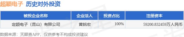 本站消息,根据天眼查APP显示,超颖电子(603175.SH)新增一起对外投资事件,被投资公司为定颖电子(昆山)有限公司,法定代表人黄铭宏,投资占比为100%。该公司从事计算机、通信和其他电子设备制造业,注册资本为59200.832459万人民币。目前,超颖电子共存在对外投资1项,详见下表:
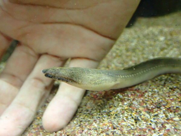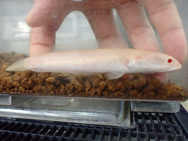 Lamnostoma mindora という学名のウミヘビの仲間。もともと採集例が極端に少なく、世界的にもとても珍しい魚です。台湾やフィリピン、インドネシアの一部などで分布が確認されておりましたが、数年前に沖縄でも確認され、沖縄がこの魚が発見された6か所目の場所で、分布の北限とされています。新種記載されたのはもう100年以上も前なのにほとんど見つかっていないというのは相当珍しい魚だということですね。ウミヘビの仲間の中では珍しく純淡水域での生息が確認されており、店頭でも純淡水でストックしております。独特な顔つきがかっこいいような気味悪いような、不思議な魚です。今後も安定して輸入されることはまずないと思いますのでウミヘビの仲間とか汽水魚の仲間とかがお好きな方は絶対に買っておいた方がいいと思います!こんなに珍しい魚の割には思ってたほど高くないので気になる方はお早めに!24日追記:3匹入荷しましたが残り1匹になりました。さらに追記:すみません、全部売り切れましたが問屋さんの在庫確認したらまだ少しいたので近日中に再入荷の予定です。上段の画像です。
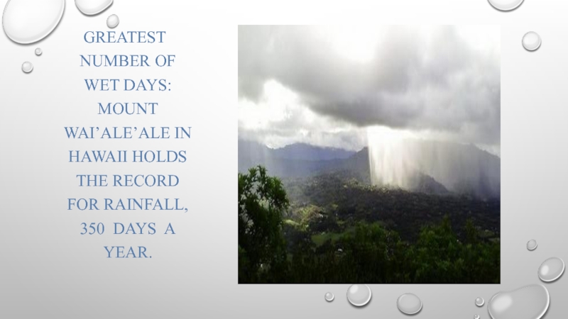 Слайд 6 Greatest number of wet days: Mount wai’ale’ale in hawaii holds
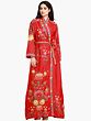 Bittersweet-Red Robe from Kashmir with Aari Hand-Embroidered Flowers
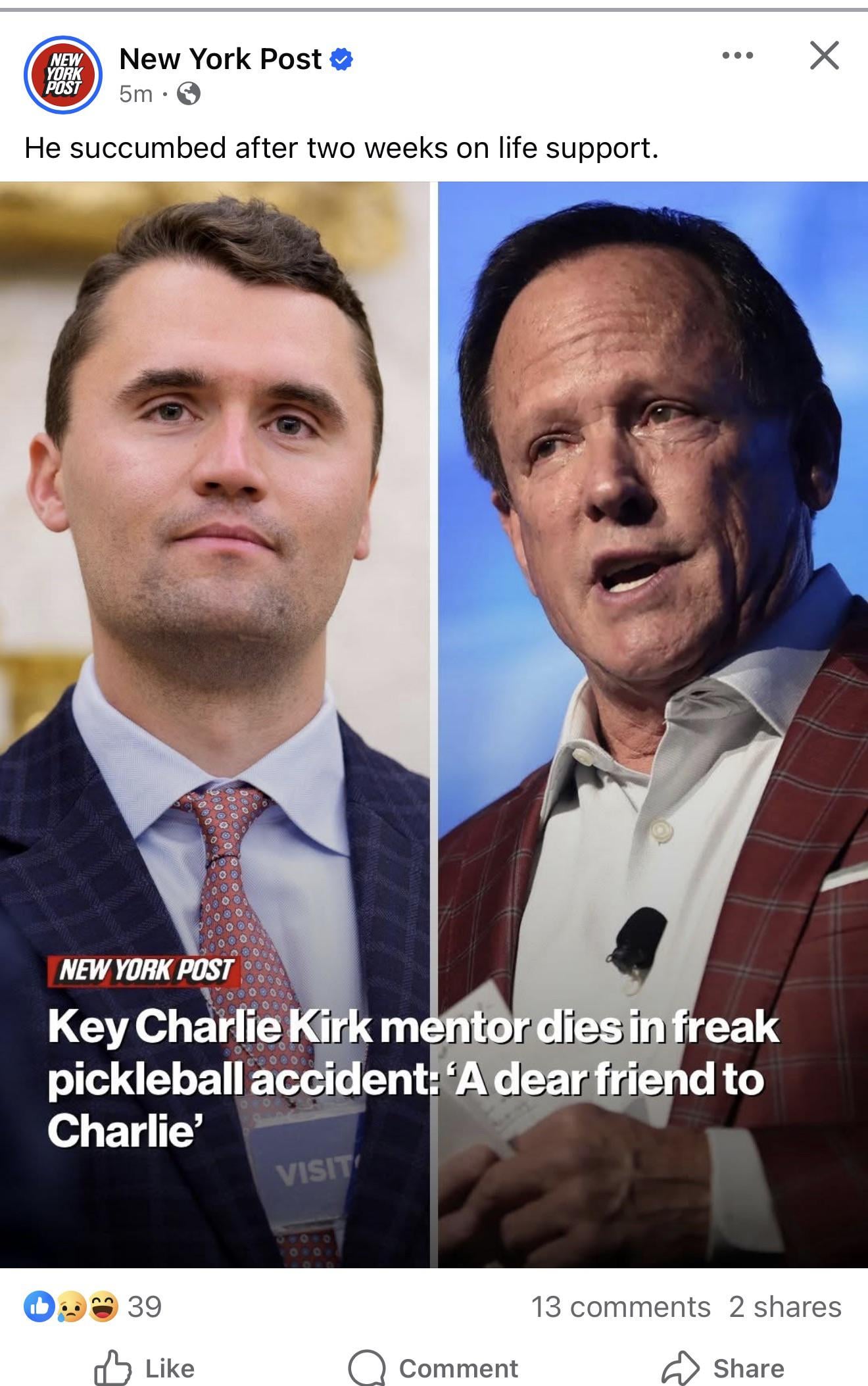 Texas businessman Jeff Webb, described by Kirk’s Turning Point USA as a “visionary who helped shape generations of young leaders,” **died Friday at the age of 76** — two weeks after suffering a serious head injury when he fell playing the popular sport, Cheer Daily reported.

• • • • • • •

Task details ▸ Line by line, print the records above exactly, skipping each picture.

Output of the task ▸
 本站消息,根据天眼查APP显示,超颖电子(603175.SH)新增一起对外投资事件,被投资公司为定颖电子(昆山)有限公司,法定代表人黄铭宏,投资占比为100%。该公司从事计算机、通信和其他电子设备制造业,注册资本为59200.832459万人民币。目前,超颖电子共存在对外投资1项,详见下表:
 Lamnostoma mindora という学名のウミヘビの仲間。もともと採集例が極端に少なく、世界的にもとても珍しい魚です。台湾やフィリピン、インドネシアの一部などで分布が確認されておりましたが、数年前に沖縄でも確認され、沖縄がこの魚が発見された6か所目の場所で、分布の北限とされています。新種記載されたのはもう100年以上も前なのにほとんど見つかっていないというのは相当珍しい魚だということですね。ウミヘビの仲間の中では珍しく純淡水域での生息が確認されており、店頭でも純淡水でストックしております。独特な顔つきがかっこいいような気味悪いような、不思議な魚です。今後も安定して輸入されることはまずないと思いますのでウミヘビの仲間とか汽水魚の仲間とかがお好きな方は絶対に買っておいた方がいいと思います!こんなに珍しい魚の割には思ってたほど高くないので気になる方はお早めに!24日追記:3匹入荷しましたが残り1匹になりました。さらに追記:すみません、全部売り切れましたが問屋さんの在庫確認したらまだ少しいたので近日中に再入荷の予定です。上段の画像です。
 Слайд 6 Greatest number of wet days: Mount wai’ale’ale in hawaii holds
 Bittersweet-Red Robe from Kashmir with Aari Hand-Embroidered Flowers
 Texas businessman Jeff Webb, described by Kirk’s Turning Point USA as a “visionary who helped shape generations of young leaders,” **died Friday at the age of 76** — two weeks after suffering a serious head injury when he fell playing the popular sport, Cheer Daily reported.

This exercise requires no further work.